Looking at the relevant data outside of Athens, Andros comes first with 87% in the category of accommodation rented from 1-3 months last year. The following are Lesvos with 83%, Thessaloniki with 54%, Kavala with 80% and Naxos and Small Cyclades with 73%. Athens has a 49% rate in the category.
Guest satisfaction rates
Like last year, the number of people who opted for his short-term vacation increased between 2018 and 2019. On the other hand, satisfaction declined for a second consecutive year, indicating that guests’ requirements are increasing and the shift to more professional services is appropriate.
According to Ms. Trusler “According to the latest statistics, we see demand for short-term rentals increasing. We can see that a large percentage of people have stayed in short-term rentals for the last two years, compared to 2017 and 2018… That’s why it’s becoming increasingly important to build your brand.”
Airbnb and HomeAway presence in Greece
In terms of the number of listings in Greece between Airbnb and HomeAway, Crete is again, for the second consecutive year, by far leading on both platforms followed by Athens in second place and Corfu in third.
More specifically, active listings in Athens on both platforms (Airbnb and HomeAway) exceed 13,634 with 12,213 on Airbnb and 1,421 on HomeAway.
Regarding the short-term rental market in Athens, Ms Trusler said the Greek capital is still considered a good market for short-term leasing, maintaining an “A” rating with 92% of the listings available being entire homes compared to the previous year when the rate was 88%.
“Athens has a huge amount of growth in professionalisation… This means being available 365 days a year, this means reaching an occupancy rate upwards of 50 percent, this means having booked days for more than half of the year”
Greece: 5 markets with the most growth
For the second year in a row, the 5 markets of Greece with the highest RevPAR increase were statistically presented. Andros comes first with 25.02%, Lesvos with 19.05%, Thessaloniki with 14.18%, Kavala with 4.28% and Naxos and the Small Cyclades with 3.77%.

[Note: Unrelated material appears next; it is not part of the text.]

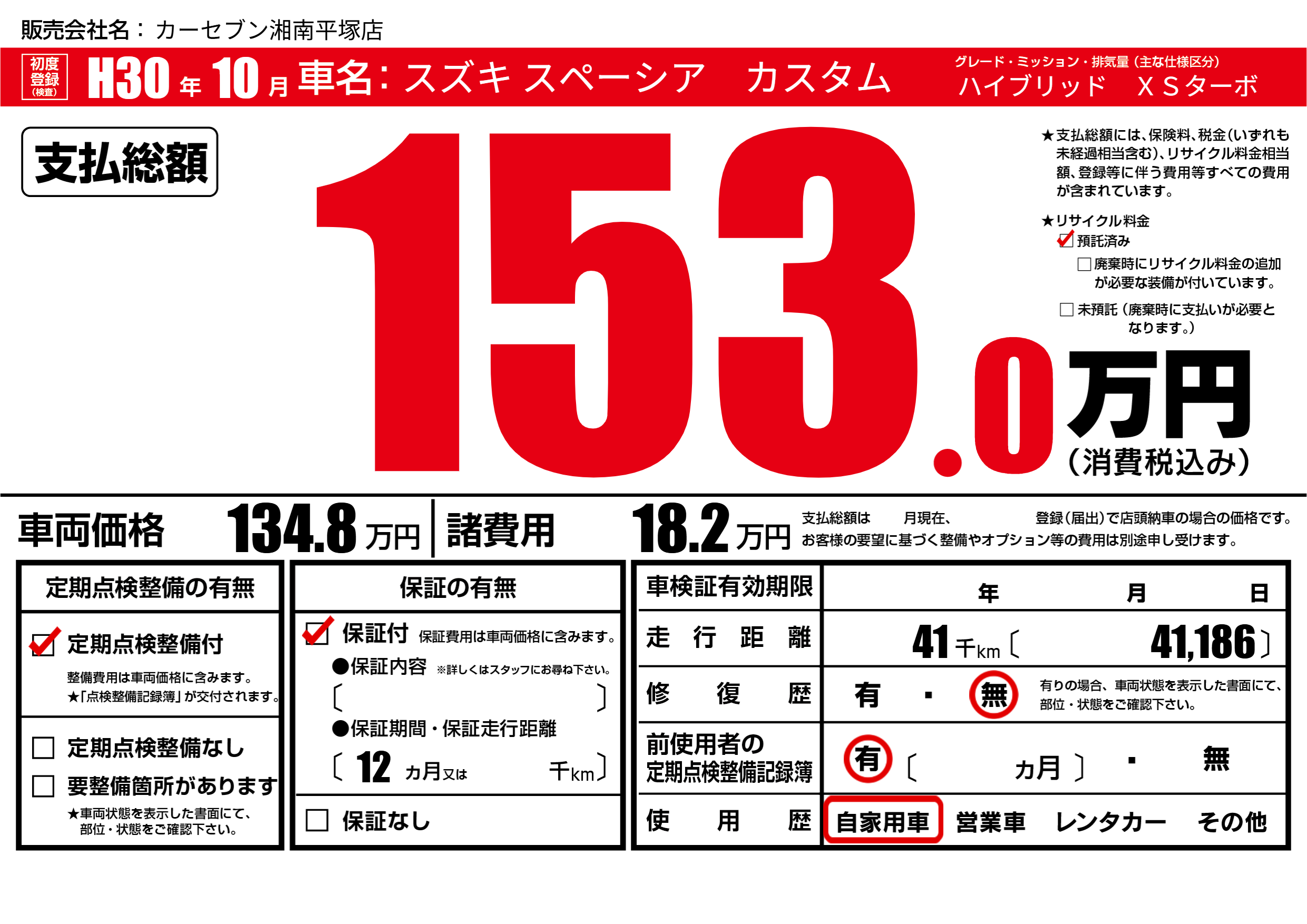 | 初年度登録 | H30年10月 | ||

According to Ms Trusler, ” This year’s markets to watch are completely different compared to last year and this tells us how rapidly this industry is growing… These markets might not even be markets that you would think but we can see that they’ve increased massively in the last year. “
” So, when we talk about market saturation in Greece, this doesn’t necessarily mean that the whole market is saturated. What it might mean is that the top markets, let’s say Athens for example, is expanding faster than the demand… Now is your opportunity to identify other markets in Greece where you can start to invest and get ahead of the game before it becomes saturated.”
Increase in lodgings in Greece – decrease in prices and occupancy for the second consecutive year
According to the latest data, while there is a large increase in the number of lodgings offered and an increase in overnight stays, there is also a decrease in occupancy and revenue.
Specifically, from December 2018 to December 2019, available short-term rentals increased from 76,369 to 94,592, an increase of 23.9%, while occupancy declined by 15% from 45.4% to 38.6% and RevPAR d(Revenue per Active Rental) decreased from € 47.98 to € 43.46, a decrease of 9.4%. Finally, the average daily rent increased by 6.5% from € 105.62 to € 112.48.
According to Ms Trusler “What this suggests to us is that Greece is at a critical point, its heading towards market saturation which is an indication that supply is much higher than the demand. This does not necessarily mean a bad thing but what it does mean is that it is more important now than ever to professionalise your listings to stay ahead in such a competitive market,”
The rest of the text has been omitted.